Hope you have a magical day

EveryAvenue · 21/02/2022 23:36

When is the due date and when is the wedding?

poTAYtoes · 21/02/2022 23:36

I don't love attending weddings, but if a good friend had done as much for my wedding as you've done for hers, I'd do what I could to make her wedding special, too.

Obviously she can do "manage her pregnancy" however she likes, but it's very selfish of her to dismissively decide right away that she wants nothing to do with your wedding! It seems like she didn't even have the decency or grace to sound apologetic or say that she'll have to wait and see how she's feeling closer to the date. Not how a friend should behave.

dancingdaisies · 21/02/2022 23:40

This reply has been withdrawn

This has been withdrawn at the request of the poster.

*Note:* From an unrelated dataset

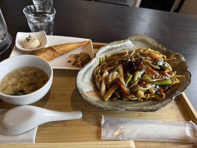 個人的五つ星。脳内が痺れるぐらいの旨さ。絶品皿うどん(太麺)1,000円。とハイボール。

Tillow4ever · 21/02/2022 23:48

Year’s ago when I fell pregnant with my first baby, the due date was my friends wedding day. The exact day. I spoke to her and said I'd do everything in my power to attend, but if she didn't want to include us in the numbers to be on the safe side I'd completely understand. She was more than happy for us to play it by ear - and we did, baby was a week early so I just checked she was ok with us bringing the baby too and still attended.

My point is, that for a friend who in school was a best friend, but by then was someone I saw once or twice a year, I was willing to move heaven and earth to find a way of attending her wedding. The only thing that would have stopped me would have been if I was in labour, or had given birth within the previous 24-48 hours. Your BEST friend is due a few weeks after your wedding and wants to pull out completely? With no way of knowing how she will be feeling at that stage etc, not even willing to try and ask if you can be flexible for her based on how she's doing? I'm sorry OP but it sounds like your friendship means more to you than it does to her. Alternatively, it could be that's she's worried she could ruin the wedding if she's unwell/in labour/had the baby - I.e. has to pull out at the last minute. You know her better than us - does that sound like it could be the issue?